A complete implementation of the Viola-Jones face detection algorithm with a custom AdaBoost training pipeline.
- ✅ Custom AdaBoost Implementation - Built from scratch with a mathematical optimization trick that dramatically speeds up training
- ✅ Haar Feature Generation - Generates and evaluates thousands of Haar-like features
- ✅ Integral Image Optimization - Fast feature computation using integral images
- ✅ Cascade Classifier - Multi-stage cascade for efficient real-time detection
- ✅ Complete Pipeline - From dataset creation to inference
# Clone the repository with submodules
git clone --recurse-submodules https://github.com/alebal123bal/ViolaJones_CUSTOM.git
cd ViolaJones_CUSTOM
# Install dependencies
pip install numpy opencv-python pillow numba jupyter
# Run the demo notebook
jupyter notebook viola_jones_custom.ipynbThis project implements the complete Viola-Jones algorithm from the ground up, including a custom AdaBoost trainer that leverages a mathematical trick to significantly speed up the training process. While pre-trained classifiers are included in this repo (training not performed here), the AdaBoost implementation in AdaBoost_smart/ demonstrates how to efficiently train weak classifiers on large feature sets.
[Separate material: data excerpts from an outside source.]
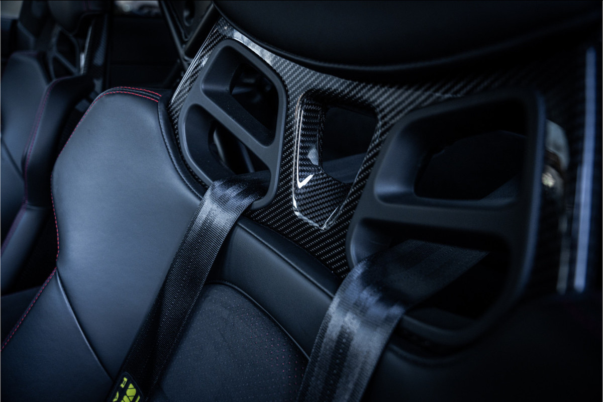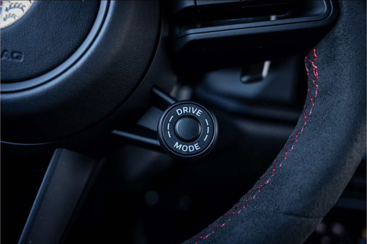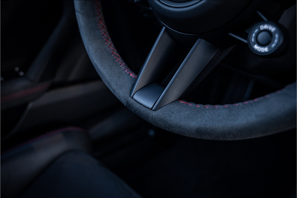 Binnenin word je omgeven door een interieur dat volledig gericht is op sportiviteit zonder aan kwaliteit in te leveren. Lichtgewicht kuipstoelen, alcantara-accenten en een strak, cockpitgericht ontwerp maken duidelijk dat dit een auto is die je niet alleen bestuurt — maar echt beleeft. Alles voelt vastberaden, nauwkeurig en doelgericht aan.
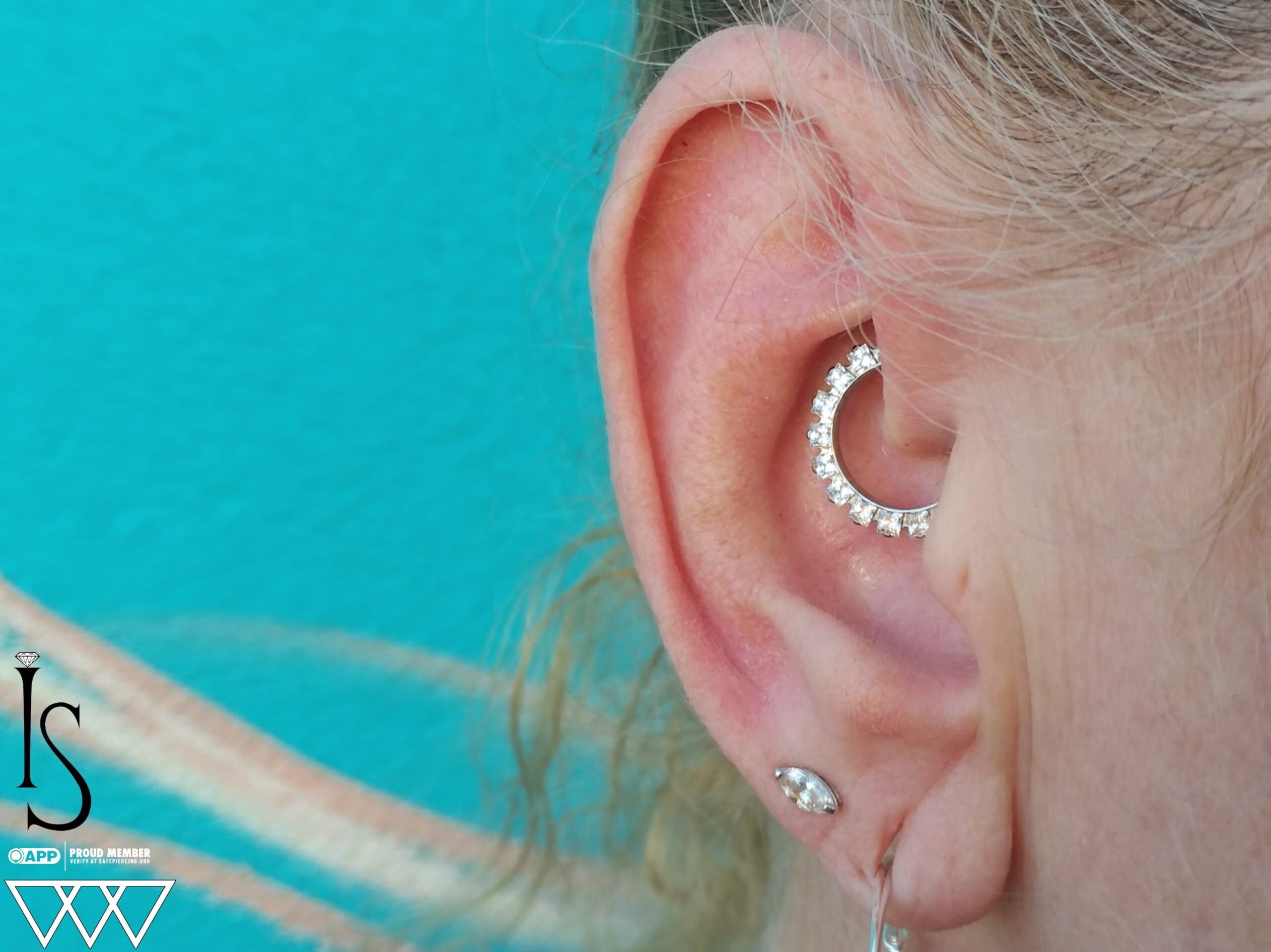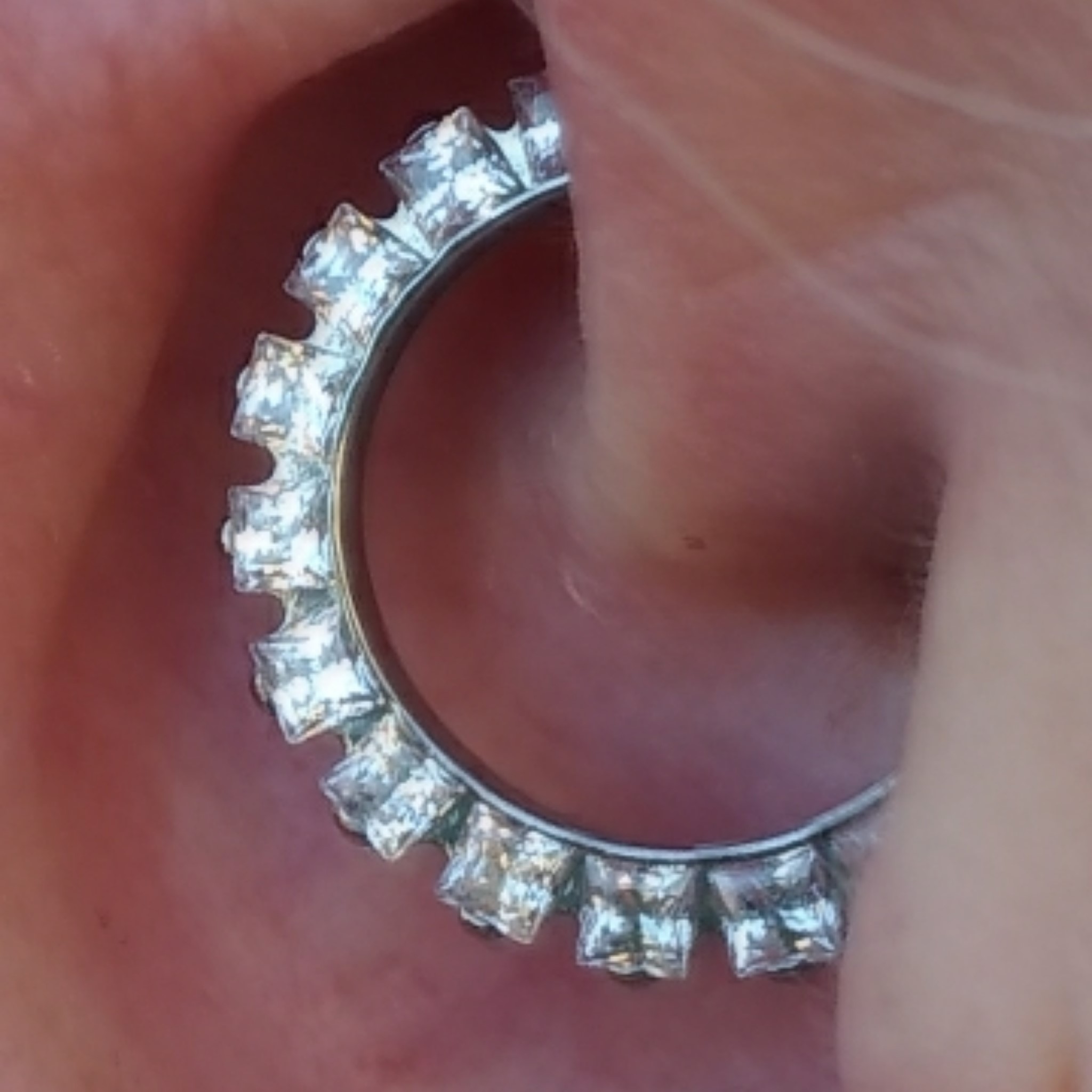 It never gets old popping an Industrial Strength septum clicker into a daith piercing. This princess cut gemmed septum clicker, set with clear Swarovski gemstones, looks absolutely fabulous in this piercing. Whether you are going for a bold or subtle look, this clicker adds the perfect touch. Thanks for choosing me for your piercing and jewelry upgrades It is always a pleasure to make your piercing dreams into a reality!
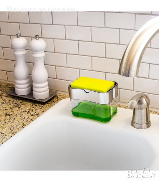 ПОСТАВКА ЗА КУХНЕНСКА ГЪБА И ДИСПЕНСЪР ЗА ТЕЧЕН ПРЕПАРАТ 2 В 1
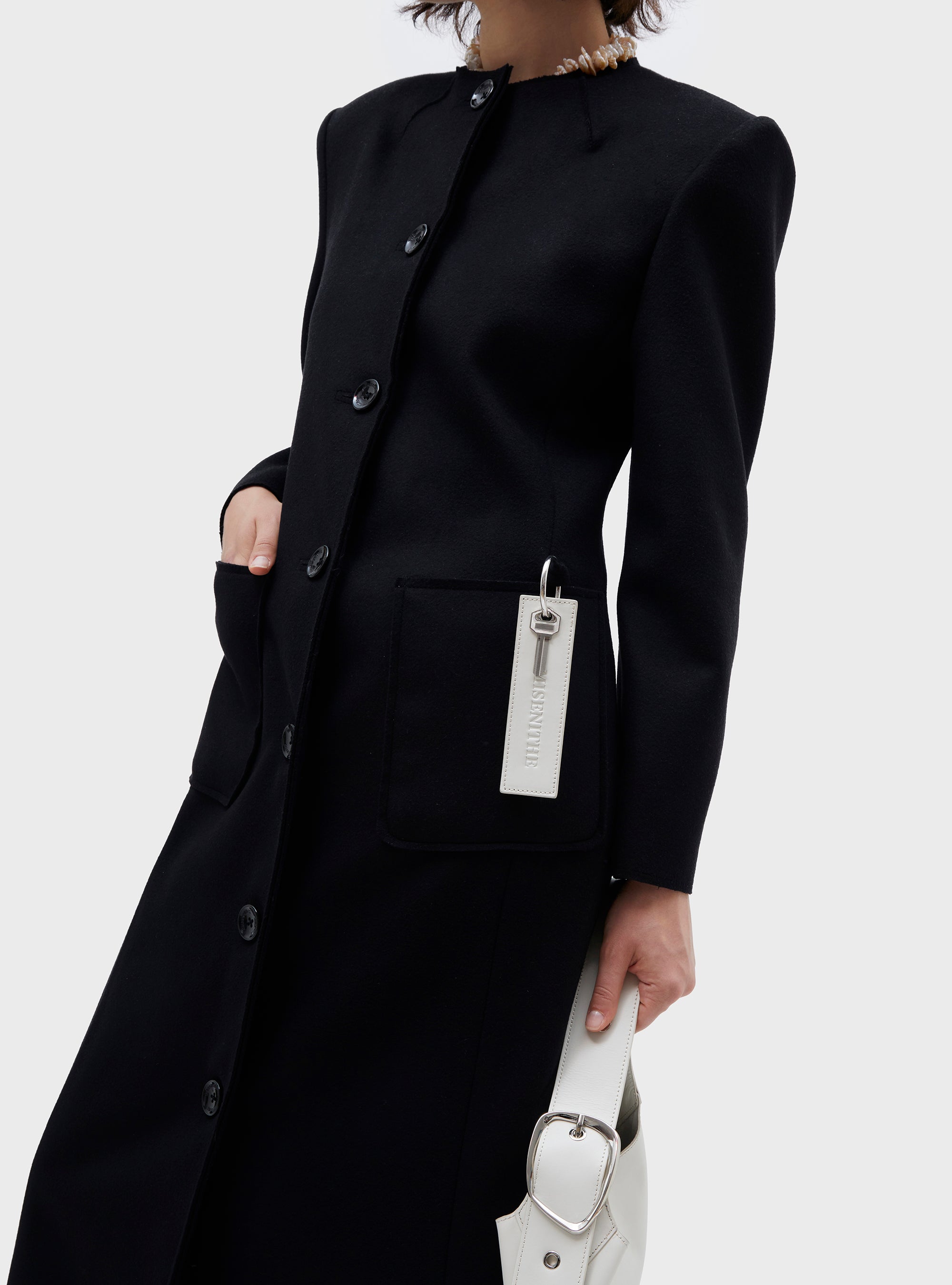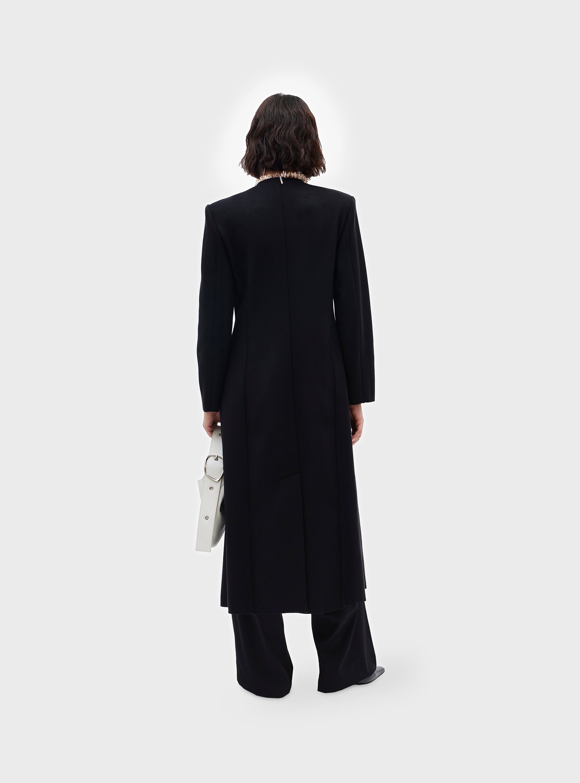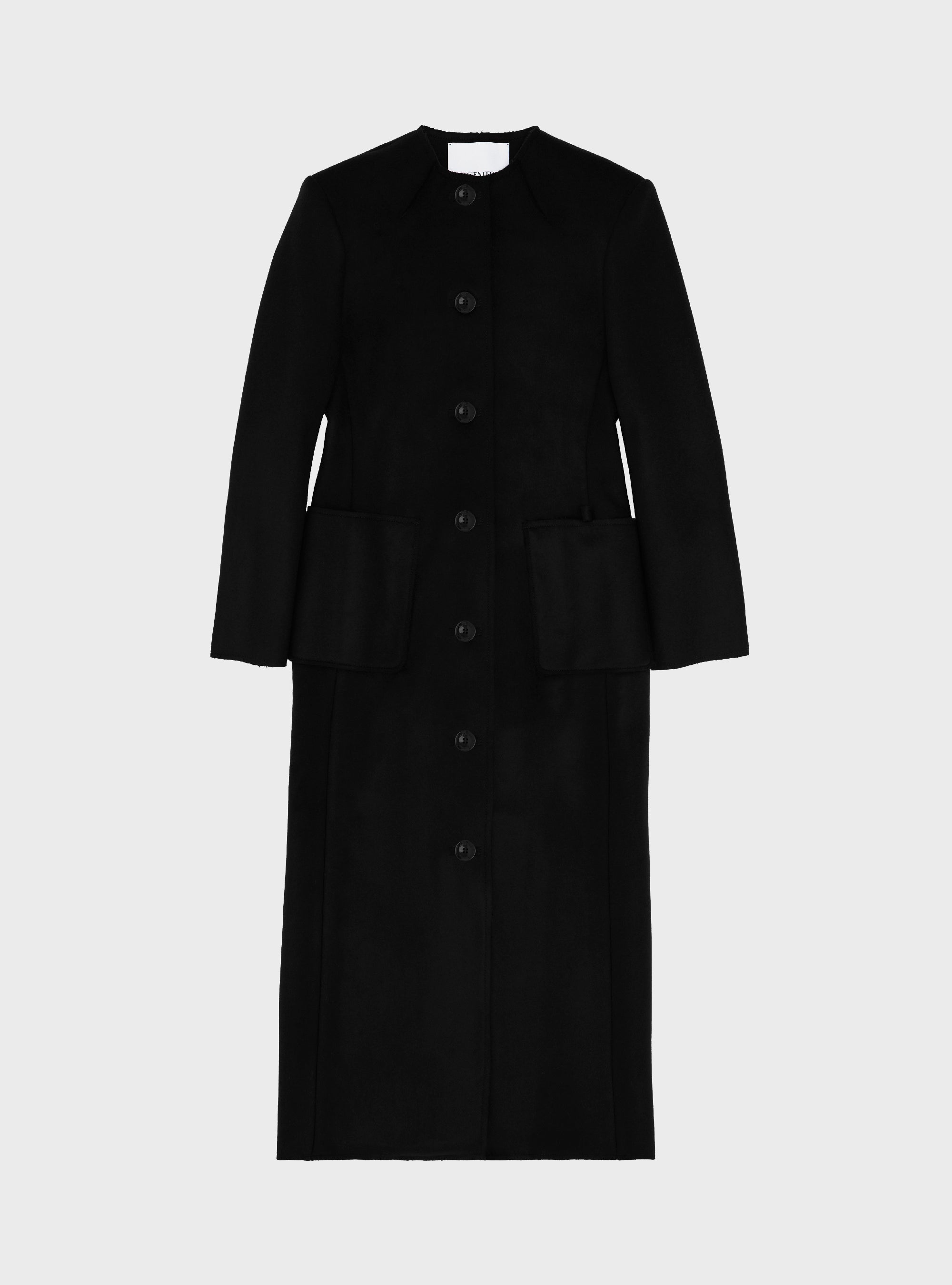 Cappotto taglio sartoriale in lana. Con spalla leggermente strutturata e girovita sagomato. Il cappotto è sfoderato. Tagliato a vivo con impunture visibili. Tasche patch sul davanti, e tasca interna. Il misto lana ha una texture sottile, compatta e confortevole.

The key optimization involves reformulating the weight update step to avoid redundant computations across iterations, making it feasible to train on datasets with thousands of features.
ViolaJones_CUSTOM/
├── viola_jones_custom.ipynb # Main demo notebook
├── basic_elements/ # Core data structures
│ ├── haar_feature/ # Haar feature implementation
│ ├── rectangle/ # Rectangle primitives
│ └── feature_gen/ # Feature generation logic
├── AdaBoost_smart/ # Custom AdaBoost implementation
│ ├── classifiers/ # Weak classifier training
│ └── utils/ # Numba-optimized utilities
├── image_manager/ # Dataset handling
│ ├── dataset_creator/ # Face/non-face dataset creation
│ └── image_loader/ # Image loading utilities
├── matrix_creator/ # Integral image & evaluation matrices
├── viola_jones/ # Cascade classifier
│ ├── train/ # Cascade training pipeline
│ └── inference/ # Detection with sliding window
└── _pickle_folder/ # Serialized trained models
- Feature Generation: Generate ~160,000+ Haar-like features for 24×24 windows
- Integral Images: Pre-compute integral images for O(1) feature evaluation
- AdaBoost Training: Select the best features using custom AdaBoost (see
AdaBoost_smart/) - Cascade Construction: Build a cascade of strong classifiers for fast rejection
- Detection: Slide windows across images and run through the cascade
The AdaBoost_smart/ module contains the heart of this project - a custom implementation that:
- Trains weak classifiers on massive feature sets
- Uses weight vectorization for faster convergence
- Implements early stopping and convergence checks
- Provides detailed training statistics and metrics
Check out the AdaBoost README for implementation details.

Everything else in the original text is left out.